Is there a name for this specific family of rational approximations?
The general form of these series is that each term is a power of 10 (since moving the decimal takes no effort) multiplied or divided by a single-digit number (since single-digit multiplication/division takes far less effort than multi-digit multiplication/division).
It follows the basic principle of simple repeated fractions, but with only adding and subtracting error terms (no taking reciprocals and then cross-multiplying) and with having multiple options at each step from which to choose the best (rather than being given one automatically).
Taking π = 3.14159265, for example, we would start with either 3 (underestimating with 10^n times x), 4 (overestimating with 10^n times x), 10/4 (underestimating with 10^n divided by x), or 10/3 (overestimating with 10^n divided by x).
3 is the closest starting point (error of 0.14159265) and 3.33333333 is almost as close (error of 0.19170408), so we would throw 4 and 2.5 away and test 3 first, then 3.33333333.
The error “π – 3 = 0.14159265…” can be estimated as 1/10, as 2/10 (which could be re-written as 1/5, but that doesn’t matter here because we’re about to ignore it anyway), as 1/8, or as 1/7.
1/7 and 1/8 are the closest second-steps for π ≈ 3, so we throw away the 1/10 and the 2/10, and now we see what the closest second-steps would be for π ≈ 10/3.

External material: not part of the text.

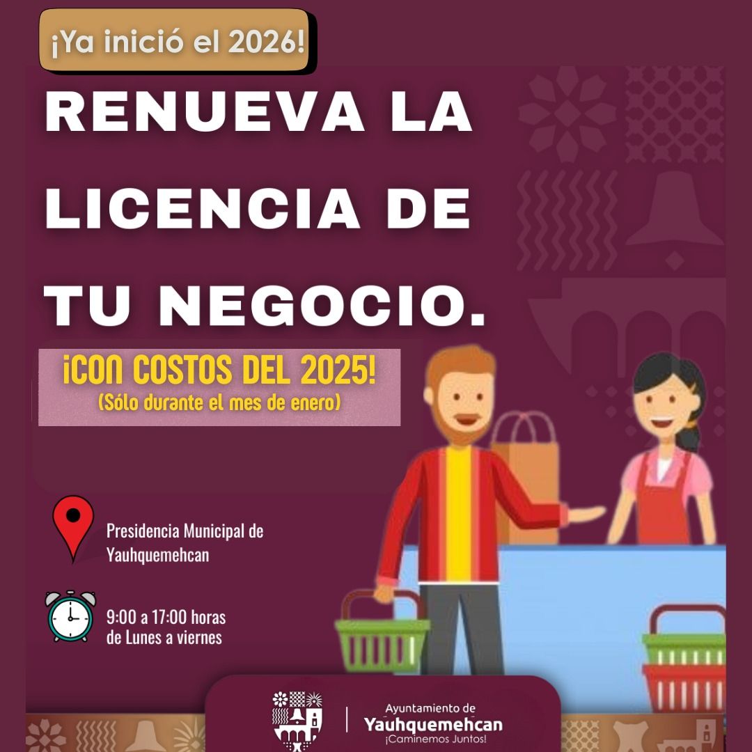 Leer másLa Coordinación de Desarrollo Económico te invita a aprovechar los grandes beneficios para este mes de enero del 2026. Acércate a las oficinas que se encuentran en la Presidencia Municipal de Yauhquemehcan para el refrendo de tus licencias de funcionamiento, con costos del 2025. ¡No te quedes sin aprovechar estos grandes beneficios! Horario de atención […]

The error “π – 3.33333333 = -0.1917408” would best be approximated as -0.2 (which could be written as -1/5 or -2/10 depending on the reader’s personal preference), but the two-step calculations 10/3 – 1/5 = 3.1333333333 and 3 + 1/8 = 3.125 are both less accurate than the two-step calculation 3 + 1/7 = 3.14285714, so we can commit to 3 + 1/7 now.

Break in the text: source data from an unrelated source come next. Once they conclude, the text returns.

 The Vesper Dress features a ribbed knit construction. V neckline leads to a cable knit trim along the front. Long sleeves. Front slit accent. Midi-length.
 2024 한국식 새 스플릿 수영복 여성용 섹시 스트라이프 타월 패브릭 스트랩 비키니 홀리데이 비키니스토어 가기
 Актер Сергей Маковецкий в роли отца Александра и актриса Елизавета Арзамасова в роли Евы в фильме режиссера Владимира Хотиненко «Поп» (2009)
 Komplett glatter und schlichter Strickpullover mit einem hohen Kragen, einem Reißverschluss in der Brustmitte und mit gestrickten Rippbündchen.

Calculating the new error “π – (3 + 1/7) = -0.00126449” creates a best new error term of -1/800, and so our new value is 3 + 1/7 – 1/800 = 3.14160714.
This approximation “πx ≈ 3x + x/7 – x/800” is accurate to within 1 part in 220,000, but it only takes about as much time and effort as “πx ≈ 3x + x/10 + 4x/100” (which is only accurate to within 1 part in 2,000).
Using continued fractions would take very little time to calculate “π ≈ 355/113” ahead of time (which is accurate to within 1 part in 12,000,000), but this takes more time and effort to use in the moment. If someone was multiplying πx ≈ 3x + x/7 – x/800 and if someone else was multiplying πx ≈ (300x + 50x + 5x)/113, then in the time it took the first person to get a final answer, the second person would only have finished calculating the numerator, and they would still need time to calculate the denominator.
During which time, the first person could be adding more error terms: 3 + 1/7 – 1/800 – 1/70,000 is accurate to within 1 part in 15,000,000 (already more accurate than 355/113 for less time and effort), and 3 + 1/7 – 1/800 – 1/70,000 – 1/5,000,000 is accurate to within 1 part in 880,000,000.